TASK REQUIREMENTS |
With the pictures removed, retype the lines from the one holding "또 다른 IL-6 억제" through the end of the records, exactly as written.

BEGIN

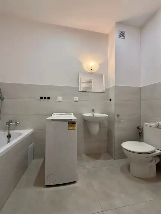 Aneks kuchenny jest już wyposażony w zabudowę, lodówkę oraz kuchenkę, co oznacza, że możesz od razu korzystać z kuchni bez inwestowania w sprzęt. W łazience znajdziesz wannę, pralkę oraz kompletną armaturę, co znacząco podnosi komfort codziennego życia.
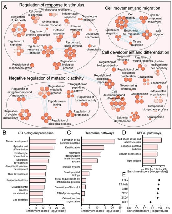 Gene ontologies of the HPV+ enriched C7 HNSCC epithelial subpopulation. (A) Cytoscape visualization of GO biological processes highlights pathways related to migration, development, and metabolism. Summary of top GO biological processes (B), reactome pathways (C), and KEGG pathways (D) include keratinocyte differentiation related processes. (E) Transfac analysis discover candidate transcription factor drivers of the C7 subpopulation.
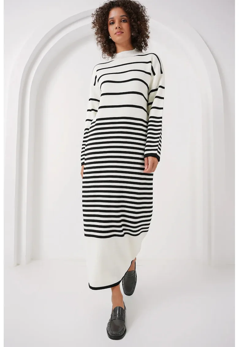 Descoperă rochia perfectă pentru evenimente speciale! Cumpără Rochie guler tricotat cu dungi – alb – tricot – acum de la FashionDays și profită de oferta limitată!
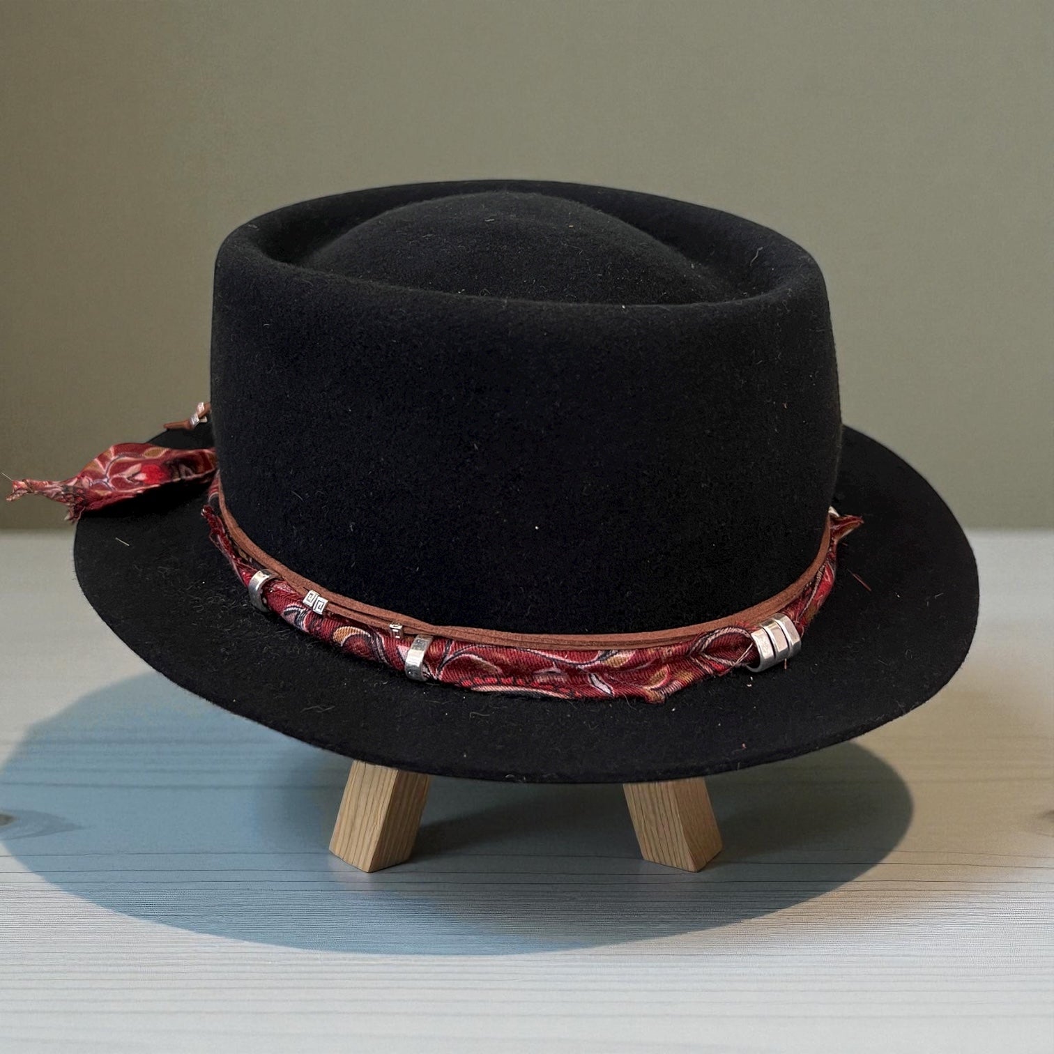 A unique handcrafted piece that blends tradition, artistry, and character. Made from premium black wool felt, this hat features an 10 cm (4.3 in) crown and an 5 cm brim, enhanced with exclusive details. Each surface has been carefully sanded and burned for a smooth, elegant finish.
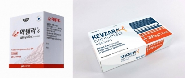 또 다른 IL-6 억제 기전을 가진 사노피의 케브자라(사릴루맙) 역시 글로벌 임상 3상을 진행하고 있다. 사노피와 리제네론은 지난 3월 미국 이외에 지역 환자를 대상으로 하는 케브자라 임상 3상을 착수했다.
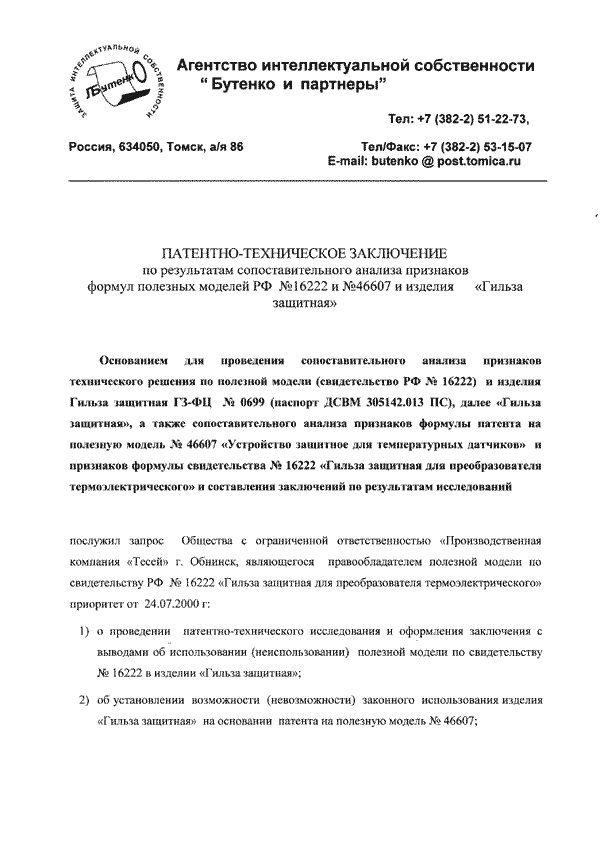 Патентно-техническое заключение по результатам сопоставительного анализа признаков формул полезных моделей фланцевых защитных гильз производства ПК "Тесей" и ООО НПО "Вакууммаш"

END

RESULT |
 또 다른 IL-6 억제 기전을 가진 사노피의 케브자라(사릴루맙) 역시 글로벌 임상 3상을 진행하고 있다. 사노피와 리제네론은 지난 3월 미국 이외에 지역 환자를 대상으로 하는 케브자라 임상 3상을 착수했다.
 Патентно-техническое заключение по результатам сопоставительного анализа признаков формул полезных моделей фланцевых защитных гильз производства ПК "Тесей" и ООО НПО "Вакууммаш"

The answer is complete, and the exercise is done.